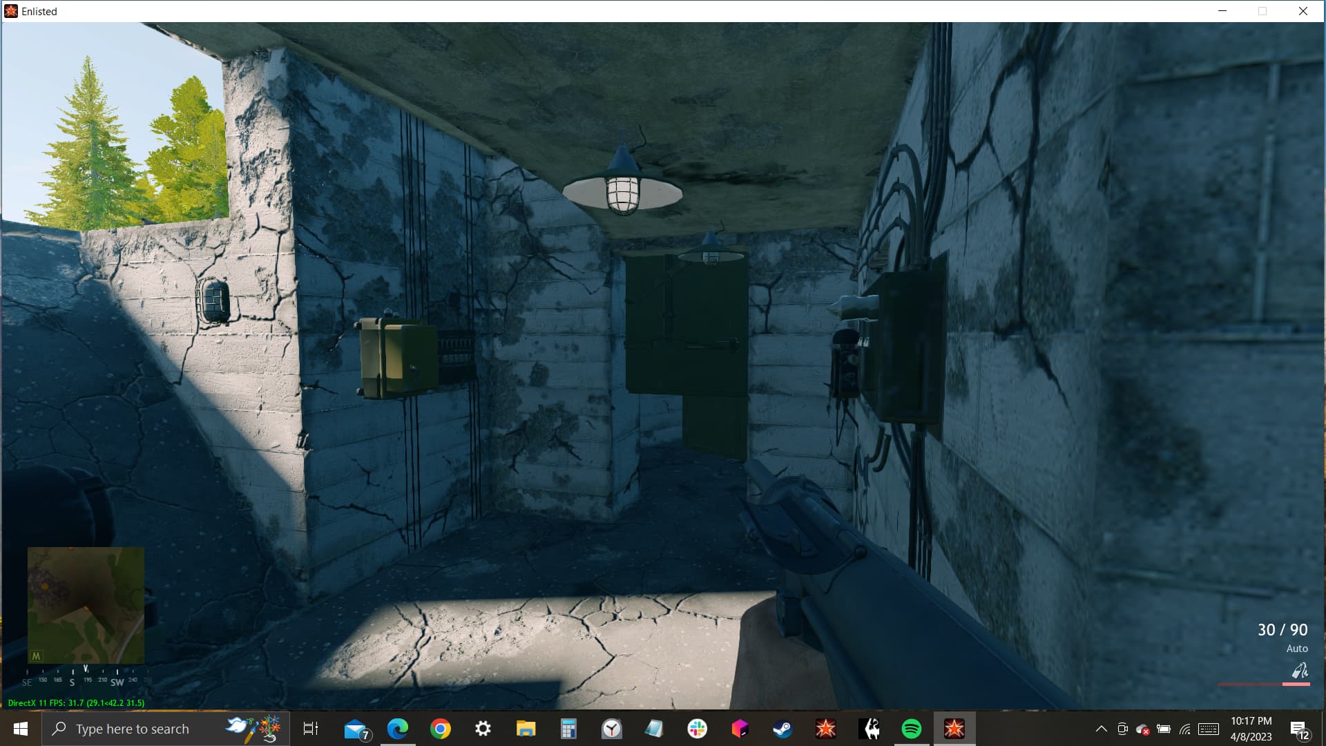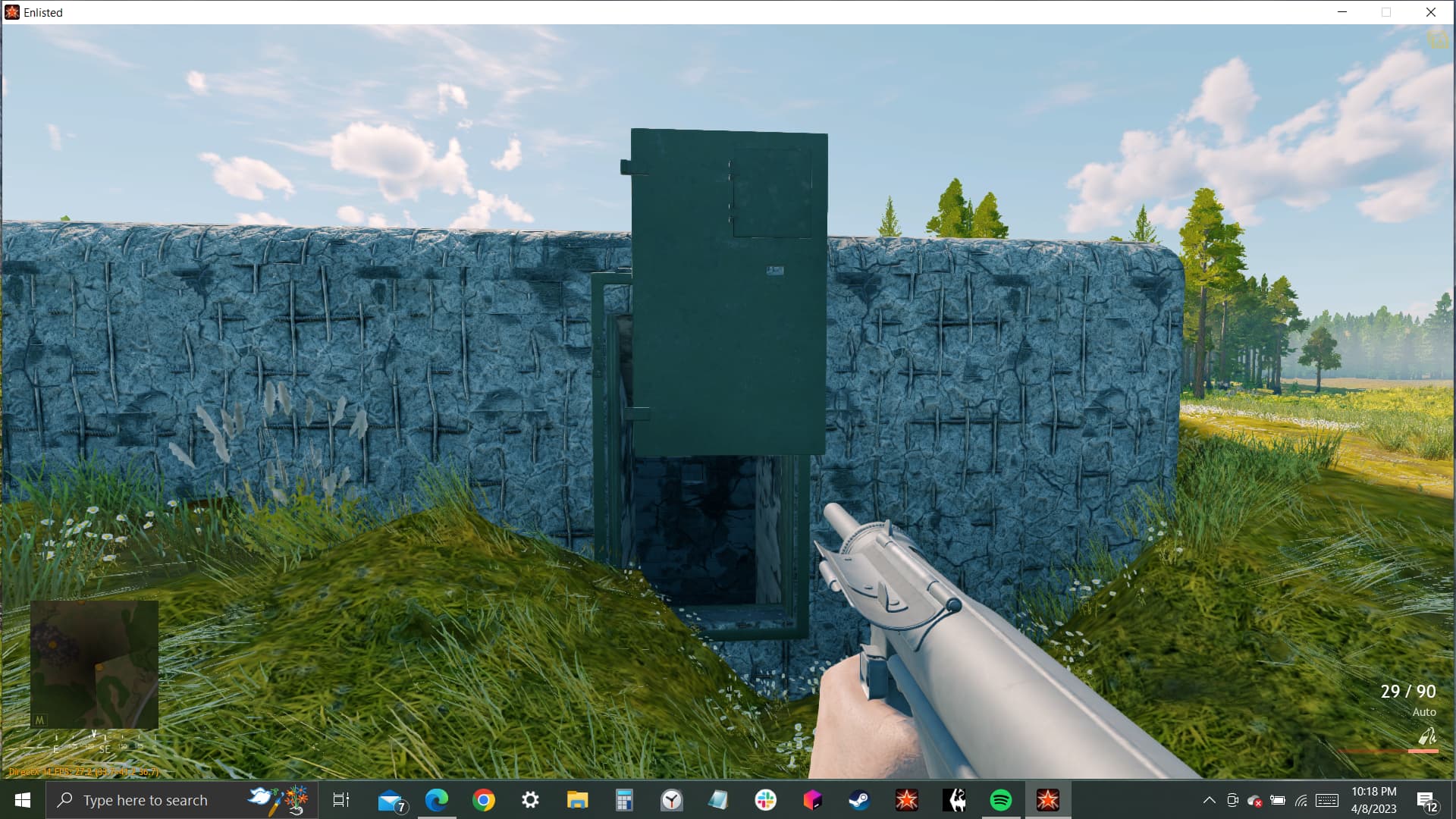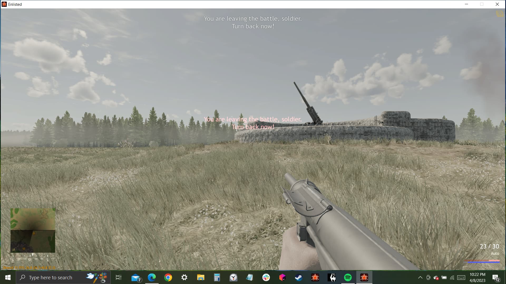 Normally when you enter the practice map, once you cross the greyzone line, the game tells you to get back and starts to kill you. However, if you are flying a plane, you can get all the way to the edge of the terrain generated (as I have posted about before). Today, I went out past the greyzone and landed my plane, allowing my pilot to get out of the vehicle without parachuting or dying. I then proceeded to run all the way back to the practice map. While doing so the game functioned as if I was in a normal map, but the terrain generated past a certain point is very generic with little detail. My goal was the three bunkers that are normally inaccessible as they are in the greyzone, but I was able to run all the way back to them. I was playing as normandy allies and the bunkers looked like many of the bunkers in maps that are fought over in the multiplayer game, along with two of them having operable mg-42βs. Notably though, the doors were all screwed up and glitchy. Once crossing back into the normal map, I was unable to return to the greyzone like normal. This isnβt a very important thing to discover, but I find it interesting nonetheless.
---+---
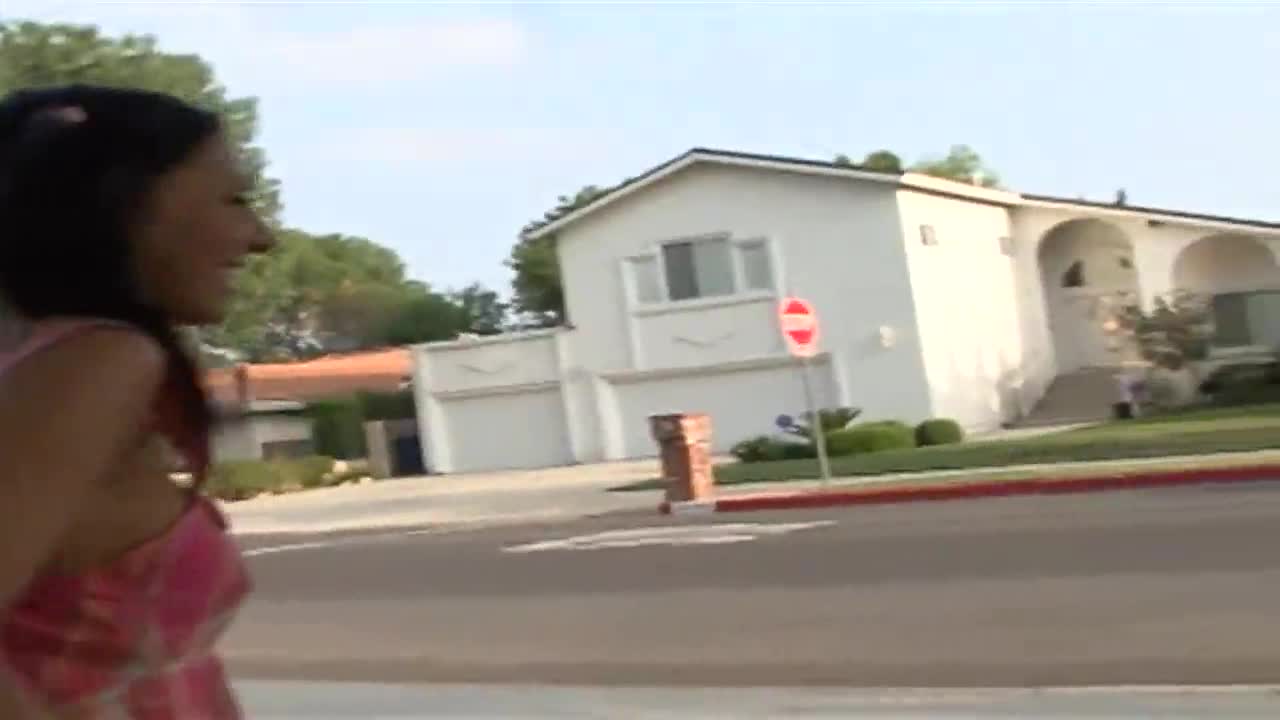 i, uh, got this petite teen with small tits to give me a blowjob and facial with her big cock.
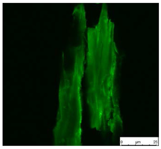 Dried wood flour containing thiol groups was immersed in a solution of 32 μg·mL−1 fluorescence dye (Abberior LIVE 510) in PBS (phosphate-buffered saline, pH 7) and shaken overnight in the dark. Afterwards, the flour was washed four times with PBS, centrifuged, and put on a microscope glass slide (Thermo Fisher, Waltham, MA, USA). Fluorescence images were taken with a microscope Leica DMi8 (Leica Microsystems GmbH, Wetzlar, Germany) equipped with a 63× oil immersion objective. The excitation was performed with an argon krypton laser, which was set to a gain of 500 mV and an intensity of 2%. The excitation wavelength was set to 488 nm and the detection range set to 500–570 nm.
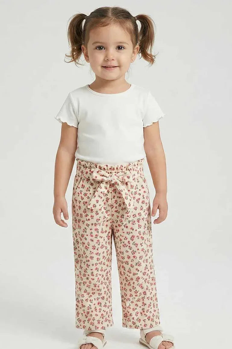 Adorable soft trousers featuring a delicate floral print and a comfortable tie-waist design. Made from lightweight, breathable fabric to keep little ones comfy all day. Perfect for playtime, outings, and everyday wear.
---+---
## INSTRUCTIONS TO FOLLOW:
The answer is the lines of the material above, from the one containing "Dried wood flour" down to the one containing "Adorable soft trousers", given exactly and without images.

## SOLUTION:
 Dried wood flour containing thiol groups was immersed in a solution of 32 μg·mL−1 fluorescence dye (Abberior LIVE 510) in PBS (phosphate-buffered saline, pH 7) and shaken overnight in the dark. Afterwards, the flour was washed four times with PBS, centrifuged, and put on a microscope glass slide (Thermo Fisher, Waltham, MA, USA). Fluorescence images were taken with a microscope Leica DMi8 (Leica Microsystems GmbH, Wetzlar, Germany) equipped with a 63× oil immersion objective. The excitation was performed with an argon krypton laser, which was set to a gain of 500 mV and an intensity of 2%. The excitation wavelength was set to 488 nm and the detection range set to 500–570 nm.
 Adorable soft trousers featuring a delicate floral print and a comfortable tie-waist design. Made from lightweight, breathable fabric to keep little ones comfy all day. Perfect for playtime, outings, and everyday wear.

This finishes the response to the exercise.